Also, to save time, just check first the suction hose from the reservoir. The other is the return but unfortunately I dont recall which is which.
diagrams
Thanks all for the tips. Did any of you experiencing frothing have oil leaks?
I had that happen to me a while back, it turned out that I was low on oil. I would also notice the oil pressure drop on fast left turns. The problem went away when I added a couple of quarts of oil.
I had oil leaks externally at all three fittings.
I would change the oil again and confirm it is at the correct level as Alabbasi said above (operating temp, engine running).
It there are leaks present or if this doesn't sort it out, I would double check all the O rings if you can.
Tim
Yes from memory there are orings as well as a gasket (s) where the flanges connect to the oil pan on the motor. I recall changing these out during an oil change and at that time all those parts were still available ex Classic Centre for not too much coin.
All set to buy and install new seals. But before I do that, need to ask a stupid question. It's been so many years since I had normal oil level readings -- car was burning 1 1/2 quarts per 100 miles before rebuild.

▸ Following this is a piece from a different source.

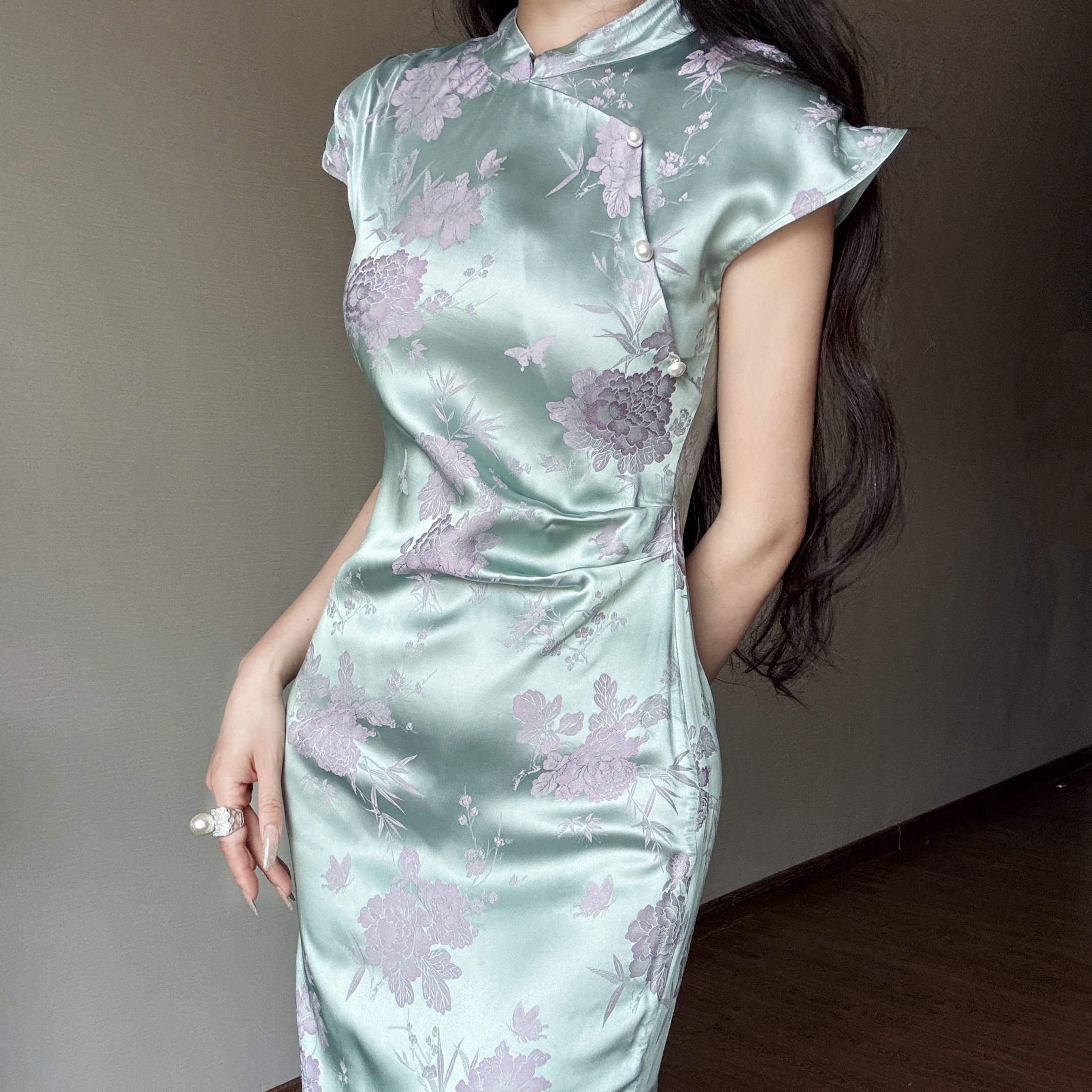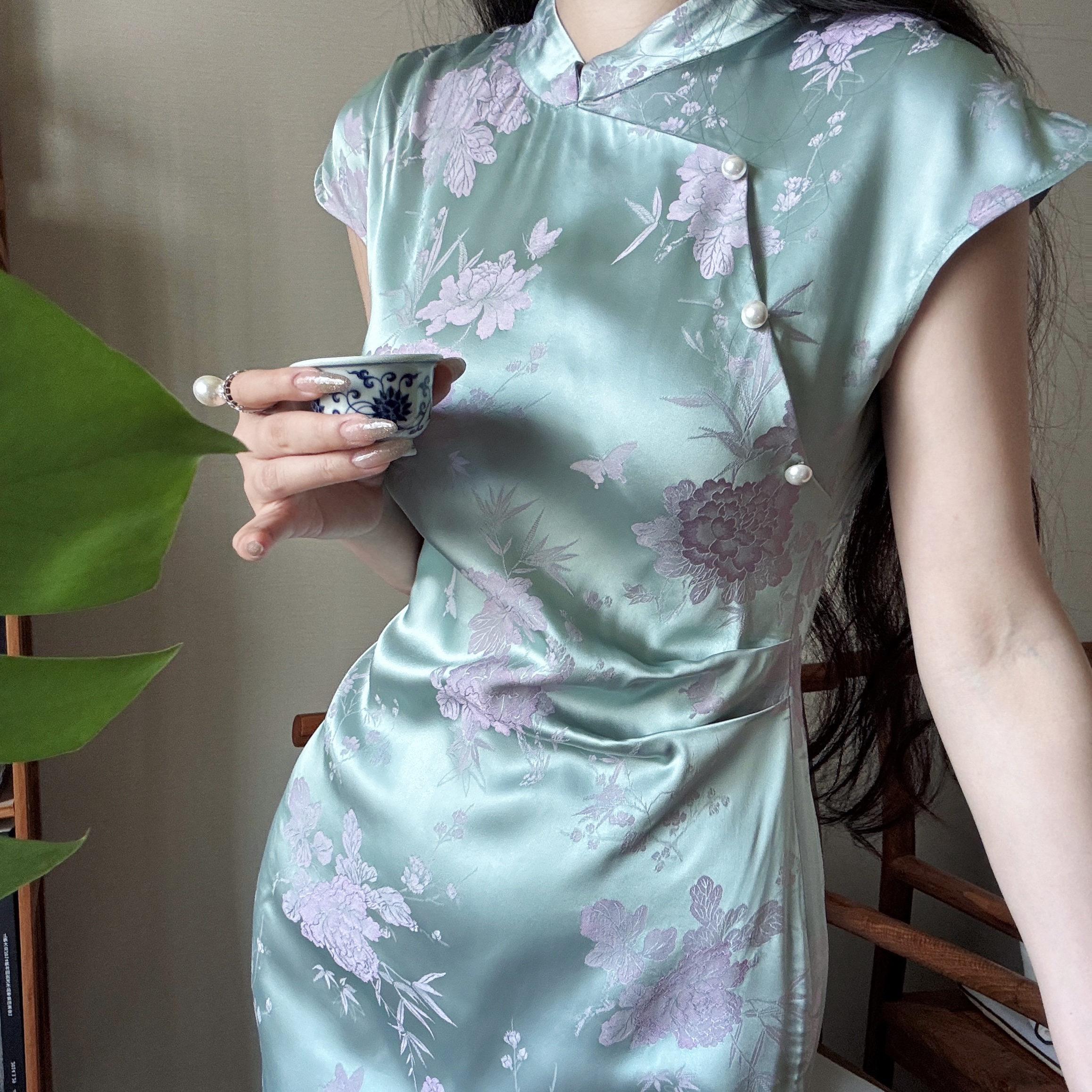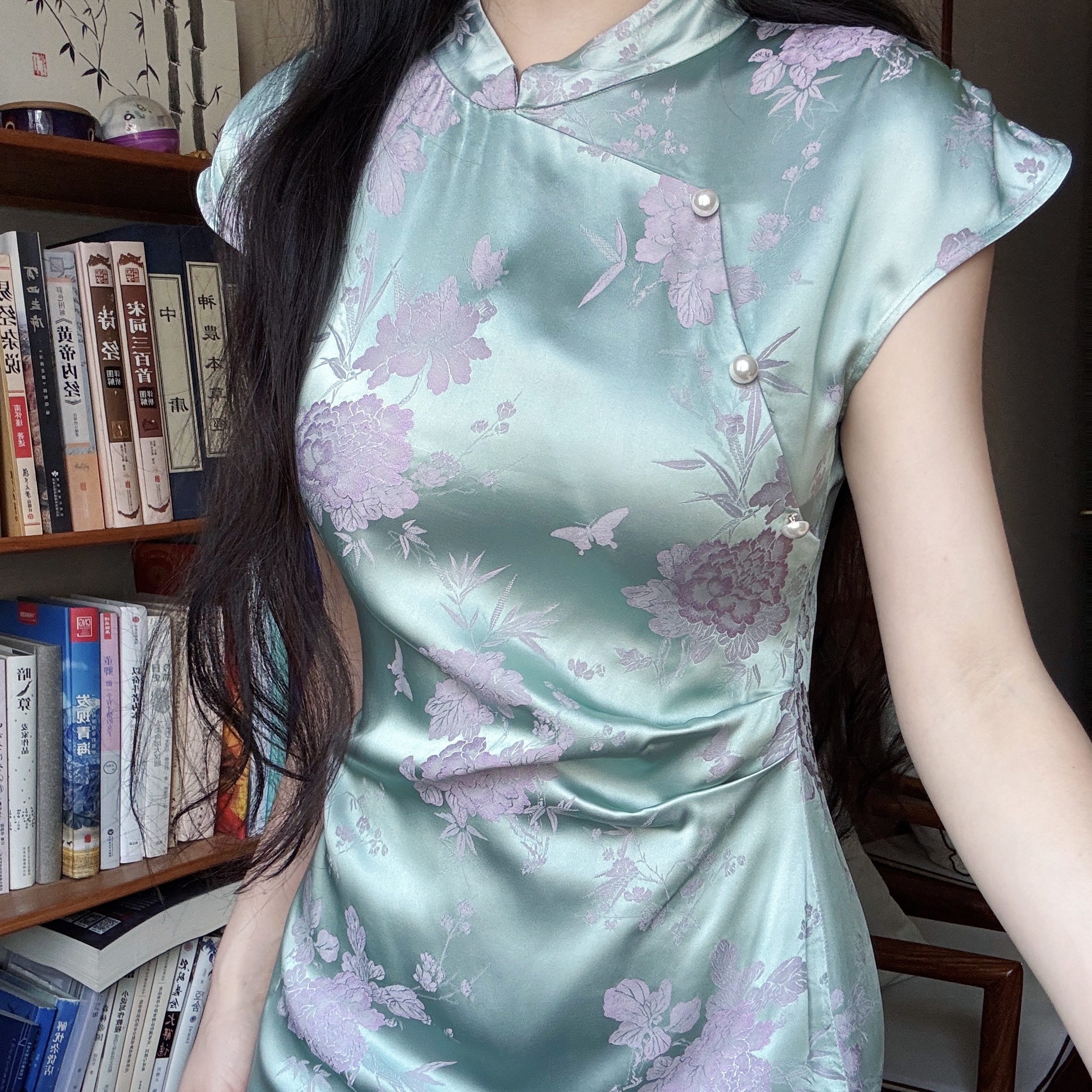 起源学新中式改良旗袍连衣裙女夏季国风气质收腰显瘦醋酸提花裙子

When you stop the car to take an oil reading, do you leave it running after driving? Or do you as the manual suggests, stop the engine for a couple minutes, then restart, and take the reading?
The reason I ask, is if I shut down, wait 2 minutes, restart, let it idle, and check the oil, there's no foaming. All the bubbles burst.
Personally I just let it idle, then take the reading with the motor running. Never been an issue for me. Most important is for the motor to be fully warmed up.
level ground...hot idle..no bubbles.
We have all new seals and fittings and no oil leaks---and a foamy oil tank. Oil in reservoir is bubbly only on top, solid fluid in the bottom 1 1/2 feet of the tank leading us to believe that it's on the return side.
Two theories. We have seen hoses that "gas" but don't weep fluid. But the hoses look pretty dry for the that to be happening.
The pick up for the return side of oil pump has a leak. One other thing, is my shop says they've seen this a couple times before. Foamy tank, no leaks.
Interesting. Are they original hoses? If so it might be worth having them remanufactured. I had mine redone with an externally braided truck brake hose that was available in the correct size for all three and is suitable for the purpose (still no leaks after almost a decade).
Tim
They are original. Almost all of the rubber on this car is OEM. Nice heated garage and no smog here.